Use the first row of data as baseline of sliding window. By default, the last row of data is used as baseline.

-n

Print all window intervals even though the window size less than the defined parameter at t=.

i=

Input file name

-nfn

Input data without field header in the first row.

Example

Example 1: Basic Example

$ more dat1.csv
date,val
20130406,1
20130407,2
20130408,3
20130409,4
$ mwindow wk=date:win t=2 i=dat1.csv o=rsl1.csv
#END# kgwindow i=dat1.csv o=rsl1.csv t=2 wk=date:win
$ more rsl1.csv
win%0,date,val
20130407,20130406,1
20130407,20130407,2
20130408,20130407,2
20130408,20130408,3
20130409,20130408,3
20130409,20130409,4

Example 2: Use first row as baseline data

$ mwindow wk=date:win t=3 -r i=dat1.csv o=rsl2.csv
#END# kgwindow -r i=dat1.csv o=rsl2.csv t=3 wk=date:win
$ more rsl2.csv
win%0,date,val
20130406,20130406,1
20130406,20130407,2
20130406,20130408,3
20130407,20130407,2
20130407,20130408,3
20130407,20130409,4

Example 3: Print all window intervals even if the window size is less than the defined parameter

$ mwindow wk=date:win t=3 -r -n i=dat1.csv o=rsl3.csv
#END# kgwindow -n -r i=dat1.csv o=rsl3.csv t=3 wk=date:win
$ more rsl3.csv
win%0,date,val
20130406,20130406,1
20130406,20130407,2
20130406,20130408,3
20130407,20130407,2
20130407,20130408,3
20130407,20130409,4
20130408,20130408,3
20130408,20130409,4
20130409,20130409,4

Example 4: Example of specifying key field

$ more dat2.csv
store,date,val
a,20130406,1
a,20130407,2
a,20130408,3
a,20130409,4
b,20130406,11
b,20130407,12
b,20130408,13
b,20130409,14
$ mwindow k=store wk=date:win t=2 i=dat2.csv o=rsl4.csv
#END# kgwindow i=dat2.csv k=store o=rsl4.csv t=2 wk=date:win
$ more rsl4.csv
win%1,store%0,date,val
20130407,a,20130406,1
20130407,a,20130407,2
20130408,a,20130407,2
20130408,a,20130408,3
20130409,a,20130408,3
20130409,a,20130409,4
20130407,b,20130406,11
20130407,b,20130407,12
20130408,b,20130407,12
20130408,b,20130408,13
20130409,b,20130408,13
20130409,b,20130409,14

Example 5: Find out the moving averages between current day and previous day

In the above example, moving average is calculated based on the last day of the window. mslide can be used for instances to calculate the moving averages of current day and previous day.

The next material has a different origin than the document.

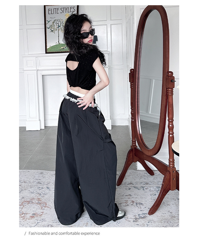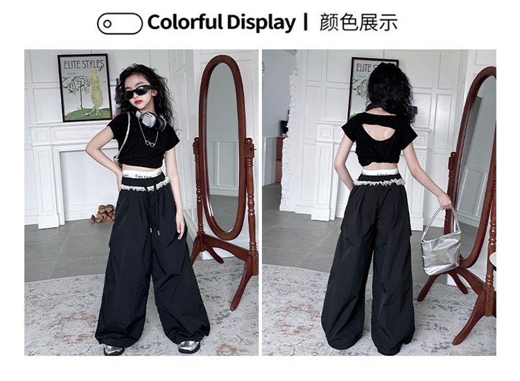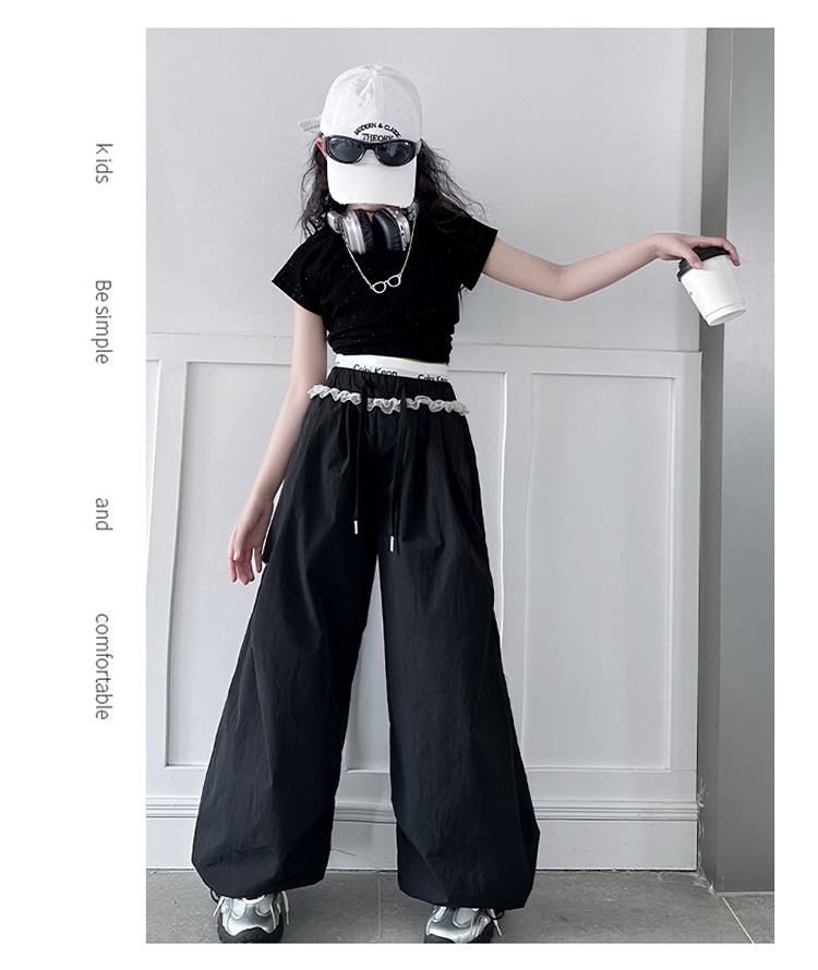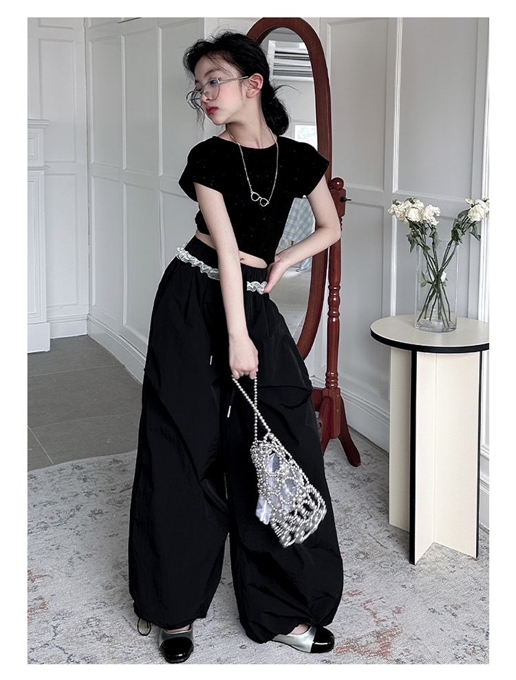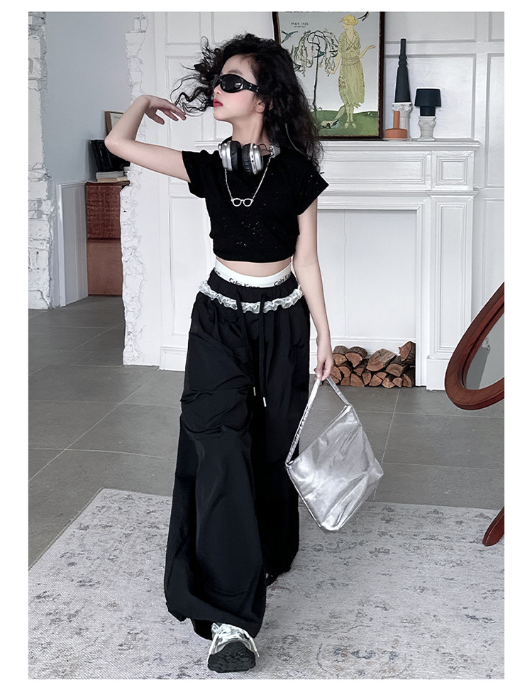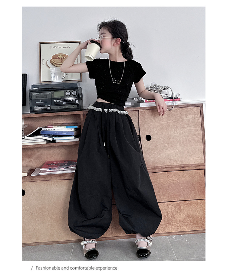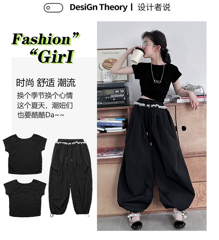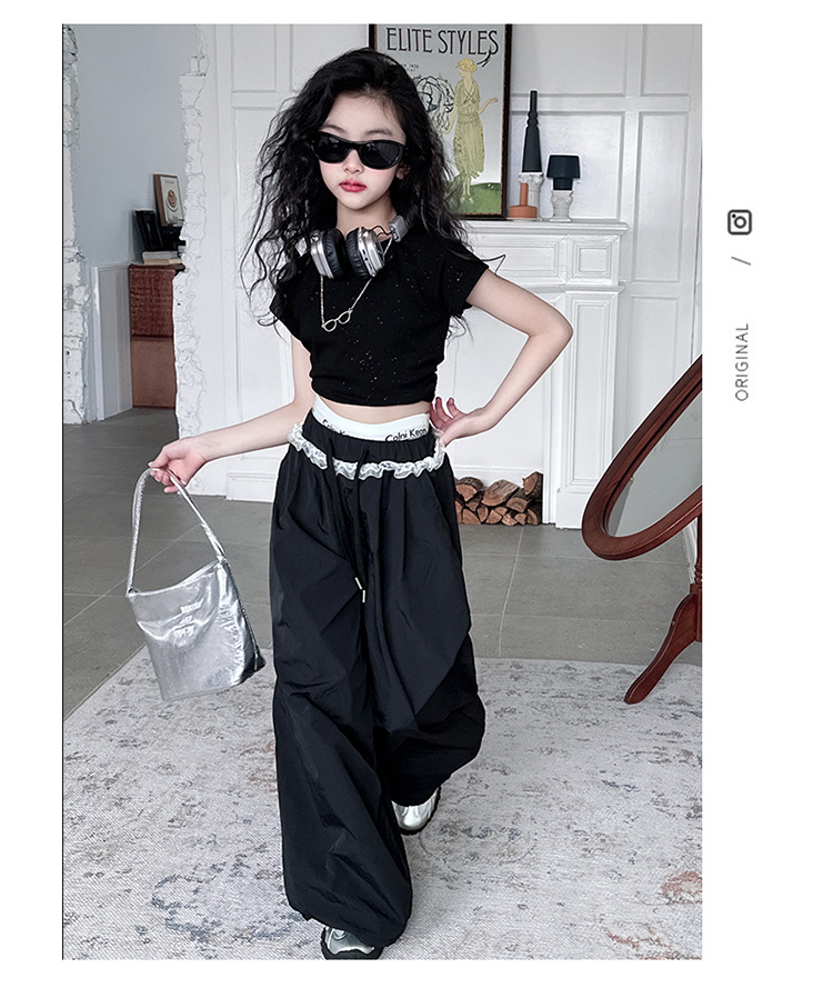 소녀의 여름 반팔 세트 2025 새로운 한국 스타일 소녀의 서양식 레이스 레이스 와이드 레그 바지 투피스 유행 세트

The example is as follows:

$ mslide f=date:date2 -q i=dat1.csv o=rsl5.csv
#END# kgslide -q f=date:date2 i=dat1.csv o=rsl5.csv
$ more rsl5.csv
date,val,date2
20130406,1,20130407
20130407,2,20130408
20130408,3,20130409

Example 6: Find out the moving averages from the previous day

$ mwindow wk=date2:win t=2 i=rsl5.csv o=rsl6.csv
#END# kgwindow i=rsl5.csv o=rsl6.csv t=2 wk=date2:win
$ more rsl6.csv
win%0,date,val,date2
20130408,20130406,1,20130407
20130408,20130407,2,20130408
20130409,20130407,2,20130408
20130409,20130408,3,20130409

Related command

mmvavg : Command that specializes in computing average of sliding windows.

mmvstats : Compute various statistics of sliding windows.